Introduction
This is a
class derived from CStdioFile
which transparently handles the reading
and writing of Unicode
text files as well as ordinary multibyte text files.
The code
compiles as both multibyte and Unicode.
In Unicode, multibyte
files will be read and their content converted to Unicode
using the current code page. In multibyte compilations, Unicode
files will be read and converted to multibyte text.
The
identification of a Unicode
text file depends entirely on the presence of the Unicode
byte order mark (0xFEFF).
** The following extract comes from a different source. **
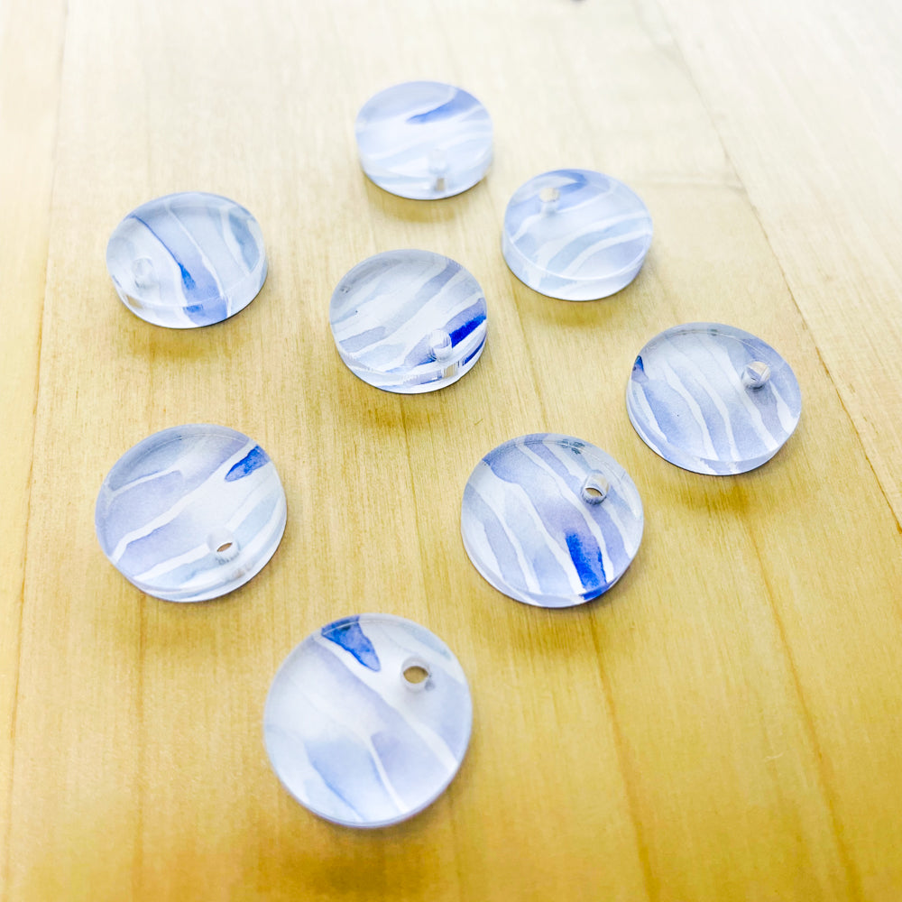 1.5cm Circle - 1 Hole- Clear Acrylic - Shibori - 12

Its absence is not an absolute
guarantee that a file is not Unicode,
but it's the only method I use here. Feel free to suggest
improvements.
By default,
the class writes multibyte files, but can optionally write
Unicode.
Background
The ability
to transparently handle both multibyte and Unicode
seems to be such a fundamental requirement, that I was
sure that there would already be something similar on
offer, and yet nothing turned up. Did I miss something?
I needed it
for a translation tool I wrote, and knocked together an
implementation that was good enough for my needs. This is
little more than a cleaned up version of that, so expect
bugs and all manner of deficiencies. I've tested the demo
app though with the basic combinations -- Unicode
files in a multibyte compilation, Unicode-Unicode,
Multibyte-Unicode, and
Multibyte-Multibyte, and they all seem to work.
Using the
code
The use of
the class is pretty simple. It overrides three functions
of CStdioFile
:
Open()
, ReadString()
and WriteString()
.
To write a Unicode file, add the flag CStdioFileEx::modeWriteUnicode
to the flags when calling the Open()
function.
In other
respects, usage is identical to CStdioFile
.
To find out
if a file you have opened is Unicode, you can call IsFileUnicodeText()
.
To get the
number of characters in the file, you can call GetCharCount()
.
This is unreliable for multibyte/UTF-8, however.
An example of
writing in Unicode:
// Test writing
CStdioFileEx fileWriteUnicode;
if (fileWriteUnicode.Open(_T("c:\\testwrite_unicode.txt"),
CFile::modeCreate | CFile::modeWrite | CStdioFileEx::modeWriteUnicode))
{
fileWriteUnicode.WriteString(_T("Unicode test file\n"));
fileWriteUnicode.WriteString(_T("Writing data\n"));
fileWriteUnicode.Close();
}
You can now
also specify the code page for multibyte file reading or
writing. Simply call SetCodePage()
before a
read to tell CStdioFileEx
which code page the
file is coded in, or before a write, to tell it which code
page you want it written in. Specifying CP_UTF8
as the code page allows you to read or write UTF-8 files.
The demo app
is a dialog which opens a file, tells you whether it's
Unicode or not and how many characters it contains, and
shows the first fifteen lines from it. In the last couple
of iterations I've added the option to convert a Unicode
file to multibyte, and a multibyte file to Unicode, and a
combo to specify the code page when reading.
As of v1.6,
there is no limitation on the length of the line that can
be read in any mode (Multibyte/Unicode,
Unicode/Multibyte,
etc.).
I'd love to
hear of people's experiences with it, as well as reports
of bugs, problems, improvements, etc.
Oh, and if
I've accidentally included something offensive in the demo
dialog, let me know. My Arabic and Chinese are not all
that good.
History
-
v1.0 -
Posted 14 May 2003
-
v1.1 - 23
August 2003. Incorporated fixes from Dennis Jeryd
-
v1.2 - 06
January 2005. Fixed garbage at end of file bug (Howard
J Oh)
-
v1.3 - 19
February 2005. Howard J Oh's fix mysteriously failed
to make it into the last release. Improved the test
program. Fixed miscellaneous bugs
Very important: In this release, ANSI
files written in ANSI are no longer written using WriteString
.
This means \n
will no longer be
"interpreted" as \r\n
. What you
write is what you get
-
v1.4 - 26
February 2005. Fixed submission screw-up
-
v1.5 - 18
November 2005. Code page can be specified for reading
and writing (inc. UTF-8). Multibyte buffers properly
calculated. Fix from Andy Goodwin
-
v1.6 - 19
July 2007. Major rewrite: Maximum line length
restriction removed; Use of strlen
/lstrlen
eliminated. Conversion functions always used to
calculate required buffers; \r
or \n
characters no longer lost; BOM writing now optional;
UTF-8 reading and writing works properly; systematic
tests are now included with the demo project